*Task requirements*: An exact copy of the lines of the listing below between the "富山駅北口にある大きな公園で" line and the "Iartis Di Voce" line, both included, is the whole answer; please omit the pictures.

*Records provided*:
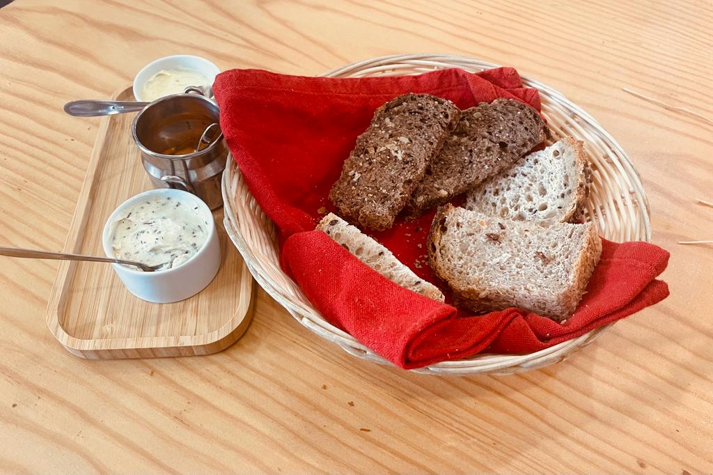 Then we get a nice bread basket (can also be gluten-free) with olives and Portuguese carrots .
---
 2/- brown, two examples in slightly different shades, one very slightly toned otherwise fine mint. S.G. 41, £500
==
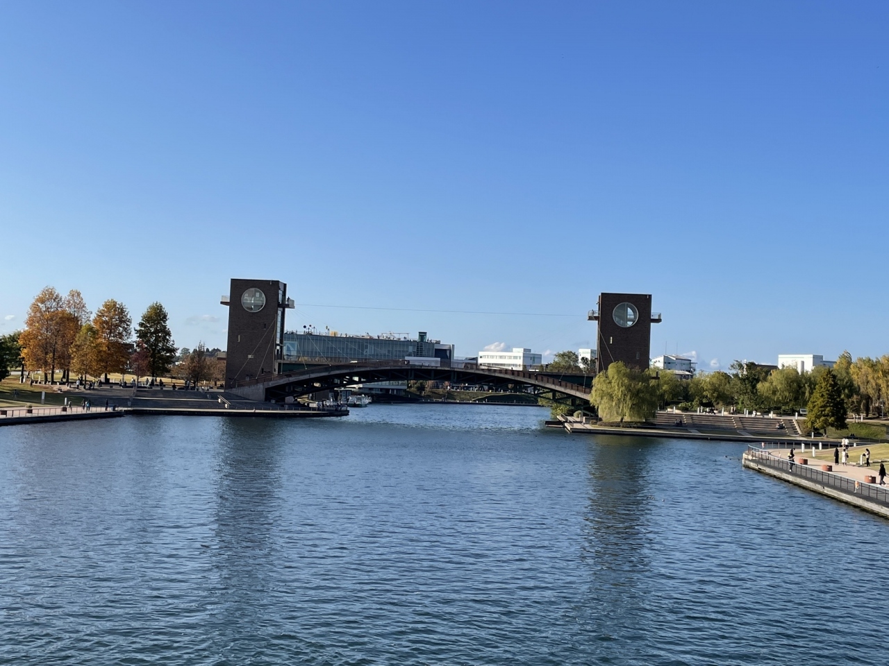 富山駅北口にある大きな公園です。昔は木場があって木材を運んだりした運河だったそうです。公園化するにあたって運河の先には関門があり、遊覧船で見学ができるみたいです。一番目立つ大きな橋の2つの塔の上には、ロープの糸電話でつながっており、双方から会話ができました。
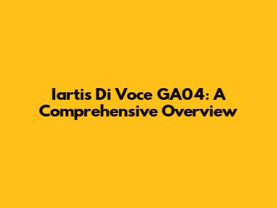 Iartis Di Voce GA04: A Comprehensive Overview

*Solution to this problem*:
 富山駅北口にある大きな公園です。昔は木場があって木材を運んだりした運河だったそうです。公園化するにあたって運河の先には関門があり、遊覧船で見学ができるみたいです。一番目立つ大きな橋の2つの塔の上には、ロープの糸電話でつながっており、双方から会話ができました。
 Iartis Di Voce GA04: A Comprehensive Overview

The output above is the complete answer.